*** The records ***
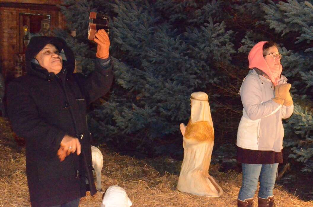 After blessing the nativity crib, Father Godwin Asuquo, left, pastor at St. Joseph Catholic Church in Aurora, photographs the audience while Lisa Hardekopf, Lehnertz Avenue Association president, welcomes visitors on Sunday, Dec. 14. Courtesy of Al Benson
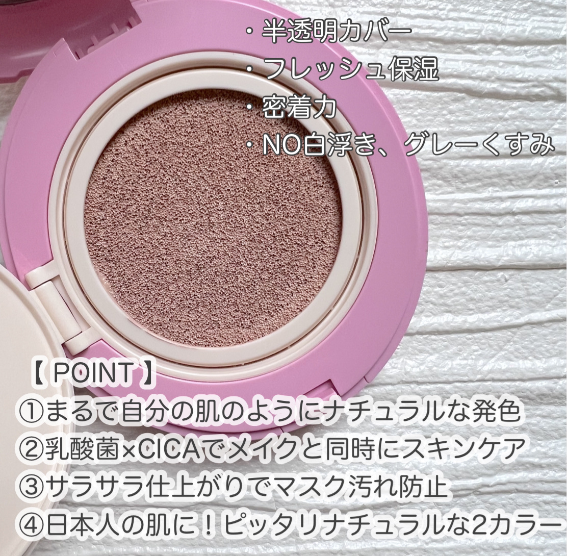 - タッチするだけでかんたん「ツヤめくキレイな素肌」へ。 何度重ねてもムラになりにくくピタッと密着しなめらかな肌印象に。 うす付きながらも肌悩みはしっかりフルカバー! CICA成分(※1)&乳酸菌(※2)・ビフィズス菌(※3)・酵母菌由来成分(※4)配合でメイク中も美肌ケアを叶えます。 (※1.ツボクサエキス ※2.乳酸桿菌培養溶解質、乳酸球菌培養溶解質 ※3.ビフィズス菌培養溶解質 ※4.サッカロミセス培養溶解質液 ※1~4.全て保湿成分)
***
*** The records ***
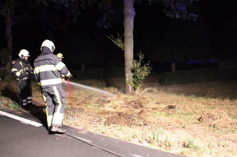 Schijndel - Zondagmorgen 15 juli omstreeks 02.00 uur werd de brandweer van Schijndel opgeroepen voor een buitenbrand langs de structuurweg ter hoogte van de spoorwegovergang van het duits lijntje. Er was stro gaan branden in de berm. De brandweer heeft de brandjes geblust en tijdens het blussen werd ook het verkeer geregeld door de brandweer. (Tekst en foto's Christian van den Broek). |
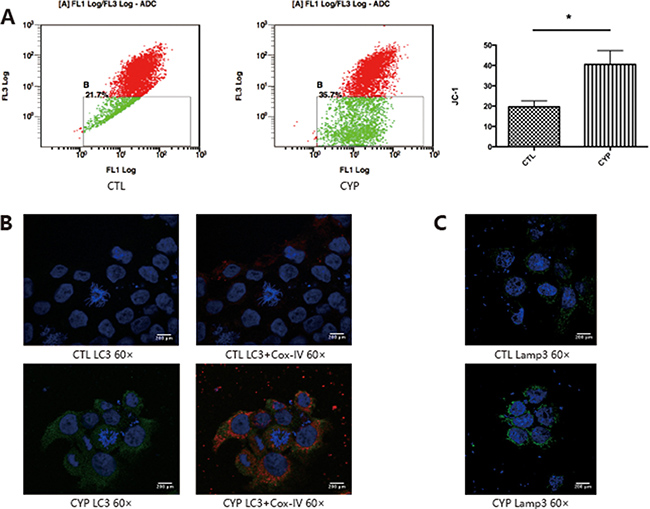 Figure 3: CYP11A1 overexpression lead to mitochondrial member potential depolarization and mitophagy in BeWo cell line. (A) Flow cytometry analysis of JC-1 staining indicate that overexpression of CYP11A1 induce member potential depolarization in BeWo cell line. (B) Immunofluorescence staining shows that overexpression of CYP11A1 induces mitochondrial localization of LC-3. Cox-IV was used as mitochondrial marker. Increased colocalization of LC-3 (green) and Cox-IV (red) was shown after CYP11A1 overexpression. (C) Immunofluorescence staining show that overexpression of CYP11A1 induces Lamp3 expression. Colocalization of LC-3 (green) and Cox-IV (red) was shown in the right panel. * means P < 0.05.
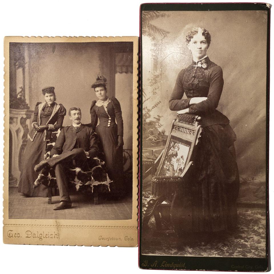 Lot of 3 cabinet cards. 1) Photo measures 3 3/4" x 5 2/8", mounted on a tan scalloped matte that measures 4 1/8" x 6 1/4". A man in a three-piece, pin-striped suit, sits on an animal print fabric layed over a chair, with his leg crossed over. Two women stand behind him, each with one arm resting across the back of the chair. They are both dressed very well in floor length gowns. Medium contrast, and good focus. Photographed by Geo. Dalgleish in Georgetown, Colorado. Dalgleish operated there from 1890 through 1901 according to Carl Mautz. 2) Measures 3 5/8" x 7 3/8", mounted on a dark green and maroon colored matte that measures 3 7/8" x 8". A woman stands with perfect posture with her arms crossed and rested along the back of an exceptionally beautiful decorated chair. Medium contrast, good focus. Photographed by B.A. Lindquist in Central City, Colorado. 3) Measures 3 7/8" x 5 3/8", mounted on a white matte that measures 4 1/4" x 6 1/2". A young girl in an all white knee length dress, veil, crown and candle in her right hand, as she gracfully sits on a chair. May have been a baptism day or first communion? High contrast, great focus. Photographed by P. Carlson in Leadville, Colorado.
***
*** The records ***
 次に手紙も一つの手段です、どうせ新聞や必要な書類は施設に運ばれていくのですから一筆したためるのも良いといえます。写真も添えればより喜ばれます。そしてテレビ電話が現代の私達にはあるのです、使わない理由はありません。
***
- [Assignment]: In the listing above, find the line containing "After blessing the" and the line containing "- タッチするだけでかんたん「ツヤめくキレイな素肌」へ。 何度重ねてもムラになりにくくピタッと密着しなめらかな肌印象に。". Reproduce those lines and all between them exactly, with no pictures and nothing more.

- [Result]:
 After blessing the nativity crib, Father Godwin Asuquo, left, pastor at St. Joseph Catholic Church in Aurora, photographs the audience while Lisa Hardekopf, Lehnertz Avenue Association president, welcomes visitors on Sunday, Dec. 14. Courtesy of Al Benson
 - タッチするだけでかんたん「ツヤめくキレイな素肌」へ。 何度重ねてもムラになりにくくピタッと密着しなめらかな肌印象に。 うす付きながらも肌悩みはしっかりフルカバー! CICA成分(※1)&乳酸菌(※2)・ビフィズス菌(※3)・酵母菌由来成分(※4)配合でメイク中も美肌ケアを叶えます。 (※1.ツボクサエキス ※2.乳酸桿菌培養溶解質、乳酸球菌培養溶解質 ※3.ビフィズス菌培養溶解質 ※4.サッカロミセス培養溶解質液 ※1~4.全て保湿成分)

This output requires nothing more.